Moderna vaccine results 'stunningly impressive,' Fauci tells AFP

Anthony Fauci, Director of the National Institute of Allergy and Infectious Diseases, said the Moderna vaccine's early results were 'stunningly impressive'

Washington (AFP) - The United States' top infectious disease official on Monday hailed early results from Moderna's Covid-19 vaccine as "stunningly impressive," calling the result a validation for experimental mRNA technology that some had doubted.

"I had said, and I must admit, that I would have been satisfied with 70, or at the most 75 percent efficacy," he told AFP.

"The idea that we have a 94.5 percent effective vaccine is stunningly impressive. It is really a spectacular result that I don't think anybody had anticipated would be this good."

The physician-scientist leads the National Institutes of Health's  National Institutes of Allergies and Infectious Diseases (NIAID), which began co-developing the vaccine in January, shortly after Chinese authorities disclosed the genetic sequence of the new coronavirus.

The vaccine is based on a new technology that uses a synthetic version of a molecule called "messenger RNA" to hack into human cells, and effectively turn them into vaccine-making factories.

"There were many people who had reservations about using something that had not been tried and true over the years, in fact some people even criticized us for that."

On Monday, Moderna and the NIH announced their preliminary results based on 95 of the 30,000 volunteers they have recruited who fell ill with Covid-19.

Of the 95, 90 had been in the trial's placebo group, and five in the group that received the drug, called mRNA-1273, translating to an efficacy rate of 94.5 percent.

It follows a similarly impressive result from Pfizer-BioNTech last week, which reported an efficacy of 90 percent.

Asked whether it was too early to say if the mRNA platform had now been proven, Fauci, who is usually known for his cautious statements, said the jury was in.

"Oh no!
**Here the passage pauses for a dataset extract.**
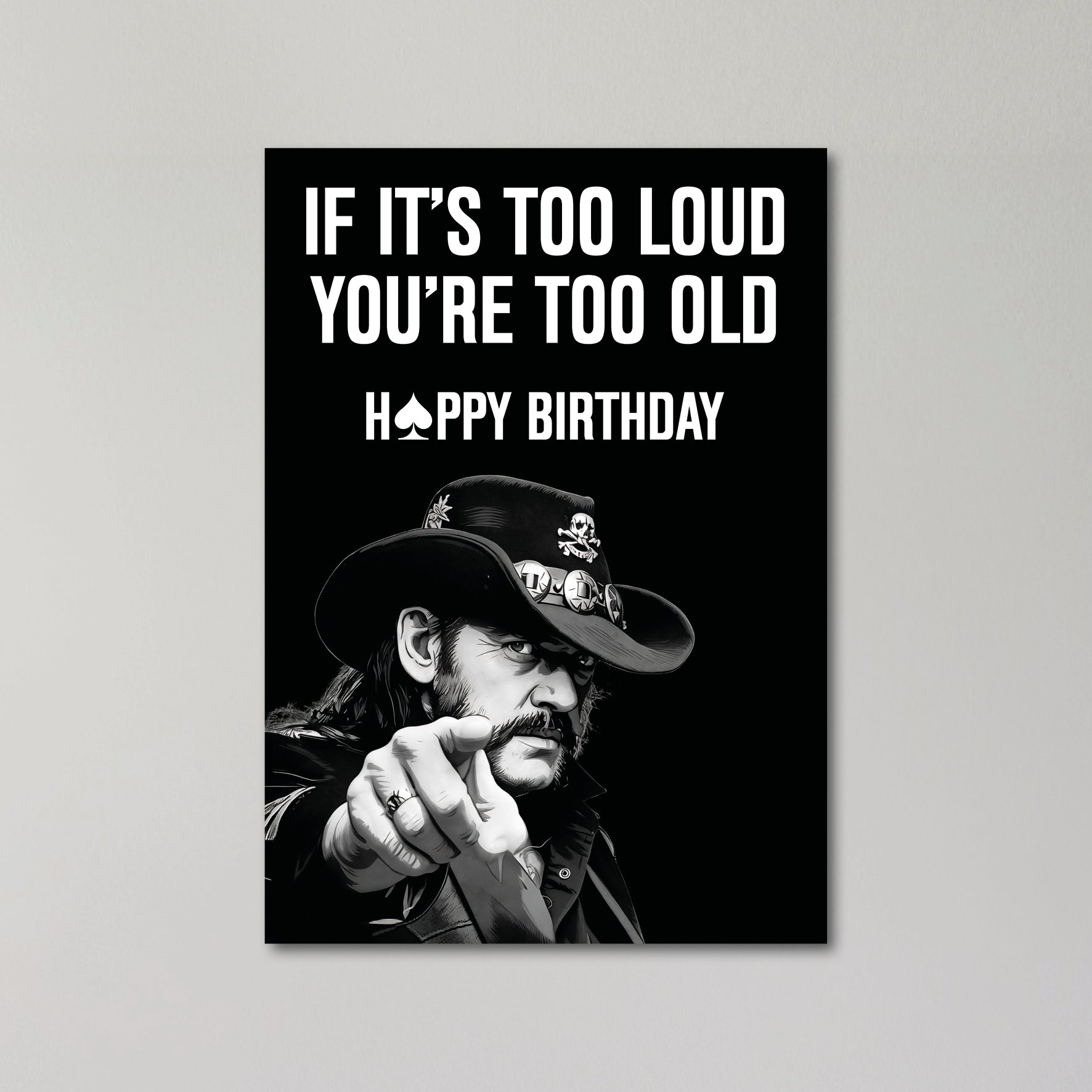 Turn the volume up on their special day with this Motörhead inspired birthday card, featuring the legendary Lemmy Kilmister and text: “If It’s Too Loud, You’re Too Old.” Perfect for fans of hard rock, heavy metal, and living life at full blast, this bold card is a fun and rebellious way to celebrate another year around the sun.

I think when you have two vaccines, like this, that have proven to be greater than 90% effective, I think that mRNA is here, it's established itself, it doesn't need to prove anything anymore.

"The data speak for themself, it isn't me, it isn't my opinion, look at the data."
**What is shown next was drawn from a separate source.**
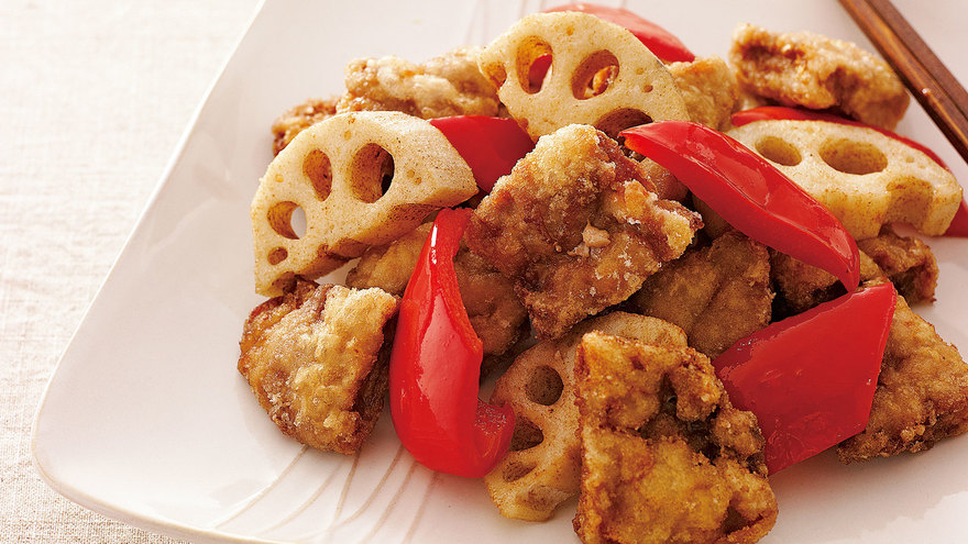揚げ油を180℃に熱し、れんこんの水けをふいて入れ、薄く色づくまで揚げる。油をきり、軽く塩をふる。続けてパプリカもサッと揚げ、油をきって軽く塩をふる。

While Moderna has basked in the spotlight, Fauci was keen to highlight the critical work of the NIH, which he said was responsible for developing the correct "conformation" or spatial arrangement of the virus' spike protein, which the vaccine makes inside the body to elicit an immune response.

Looking forward, he said he was worried about anti-vaccine sentiment in the United States, the hardest-hit country in the world. 

"There's a long way to go -- don't forget, you've got to get this distributed, you've got to get most of the people to get vaccinated.

"There's a lot of anti-vaccine sentiment in this country. You've got to overcome that and convince people to get vaccinated because a vaccine with a high degree of efficacy is of no use if nobody gets vaccinated."